In this embodiment, the light on the +y-axis side of the cut-off line forming surface 23 may reach the lens surface 24, and the light on the +y-axis side of the cut-off line forming surface 23 includes the part of the light reflected by the multi-elliptical reflecting surface and the rest of the collimated light. The light on the-Y axis side of the cut-off line forming surface 23 is reflected by the reflecting surface, and cannot directly reach the lens surface 24, and when the light is reflected by the reflecting surface, the light becomes the part of the collimated light.
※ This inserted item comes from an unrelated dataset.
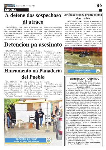 ORANJESTAD -- Di- polis ta bin topa cu e vic- hospital. Skritura: 1 Samuel 3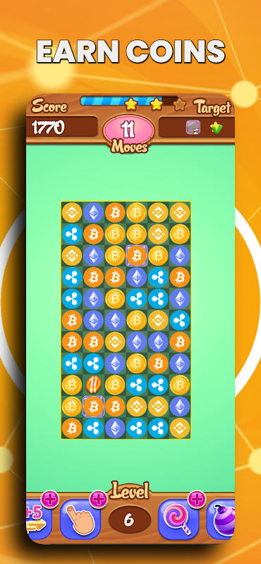 通过在应用程序中玩匹配游戏来赚取比特币。轻松开始通过糖果硬币制作比特币。

As described above, the upper surface 230 of the cut-off line forming surface 23 in the present embodiment has a step, as shown with reference to fig. 2 and 8, that is, a step is formed in the X-axis direction, and the end 231 is disposed on the side of the upper surface 230 near the lens surface 24.

Further referring to fig. 8, the upper surface has a first step surface 232 and a second step surface 233 which are disposed at intervals in the Y-axis direction, and the first step surface 232 and the second step surface 233 are disposed in order in the X-axis direction, and are connected by a connection surface 234.

Further, the shape of the end 231 of the cutoff line forming surface corresponds to the cutoff line 3 in the light distribution pattern. Specifically, the upper side of the end 231 corresponds to the cutoff line 3 in the light distribution pattern.

Still referring to fig. 7, the first illumination light passes through the +z axis side of the end 231 and the second illumination light passes through the +y axis side of the end 231, so that the shape of the end 231 corresponds to the cutoff line 3 in the light distribution pattern.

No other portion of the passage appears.